According to Kakao Piccoma, the company first decided to launch international services in France due to the strong preference for Japanese manga among French fans in March of 2021. In a prepared statement sent to multiple Korean media outlets, Kakao remarked on the latest development:

“In light of the slowdown in (France’s cartoon) market growth since the company’s decision to launch operations in France, Kakao Piccoma is currently undergoing the process of withdrawing its operations from France to refocus its priority. Kakao Piccoma intends to persist in its efforts to initiate the company’s next phase of expansion, by retaining its experience in conducting business in France.”

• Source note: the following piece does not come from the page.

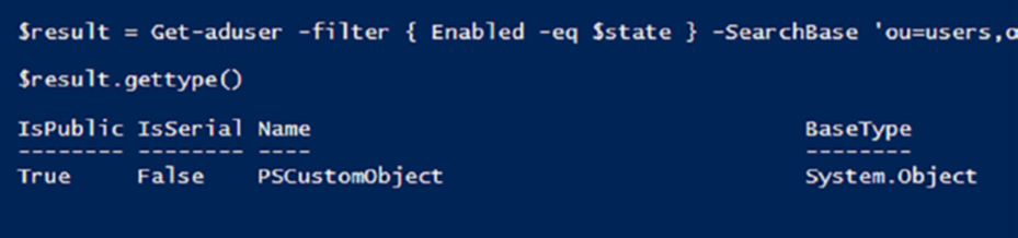 sculpture; you chisel away only what’s necessary to reveal the masterpiece within. Test-Path was easy; it returns a Boolean, and that’s it but take something like Get-ADUser, for instance; it spills out a treasure trove of properties, but maybe you need only a handful, so simply return the ones you need.

The exit of Piccoma from the French market contrasts with strong in-app sales in Japan for digital manga/webtoons for the first half of 2023, which totaled volume of 100 billion yen ($641 million USD) last year. This is based partly on Piccoma’s use of algorithm-based recommendation engines to spotlight featured manga and webtoons series to users, which makes finding readers’ next favorite series easy and addictive. 

Publishing industry watchers in Japan took the news of Kakao Piccoma’s exit from the French market seriously, with one manga editor/publishing exec wondering if this is a sign of a webtoon “bubble” that’s starting to deflate.

Kazuaki Ishibashi, CEO of Comic Room (@mikunikko on X/Twitter) had this to say: (roughly translated from this tweet into English):

Piccoma’s withdrawal from Europe has people in the industry buzzing. Why is this happening when WEBTOON is said to be expanding worldwide and becoming a huge market? The WEBTOON market, which had been fueled by various people and gave investors dreams, is starting to show signs of decline. 

From the perspective of the field, it feels like the market size is already reaching its limit, at least in Japan. Recently, many Korean studios have gone out of business, and Japanese companies that had started a new business with WEBTOON are starting to withdraw one after another. It even feels like the collapse of the WEBTOON bubble has already begun in the production field. 

What is not known now is how the withdrawal from the French market will affect plans for further international expansion of Piccoma and webtoon-based apps in general. While France has for years been the largest market for manga outside of Japan (outpacing the US/Canada market for manga in English), the US/Canada market has been publishing more and seeing greater success and reader adoption of Korean comics and webtoons and even webnovels, both via apps and in print than their French counterparts.

It was thought that Piccoma’s success in France would pave the way for further potential growth in other established publishing markets within Europe, where the local scene is dominated by titles from Japanese publishing giants Kodansha, Shogakukan, and Shueisha with its Manga Plus digital platform, as well as the surge in popularity of Naver’s WEBTOON as a platform for independent webcomic/webtoon creators, amongst other options for webtoons in French such as Lehzin, Toomics and so on.

How To Kill The Villain French key art
How To Kill The Villain French key art

The English-language report from the Korean outlet JoonAng Daily also states that the French market’s preference for physical manga purchases was a leading factor in Kakao Piccoma’s withdrawal. This makes sense, as French business regulations exist that protect book publishers and booksellers of all sizes from being undercut by digital offerings in an effort to preserve the local publishing industry, and local manga publishers also benefit from the protections.

With France’s and the wider European preference for printed manga, digital webtoon and manga platforms will need to develop new strategies for convincing manga readers and collectors that their platforms are not only worth investing in, but are also an ideal companion to manga in print, not just another competitor.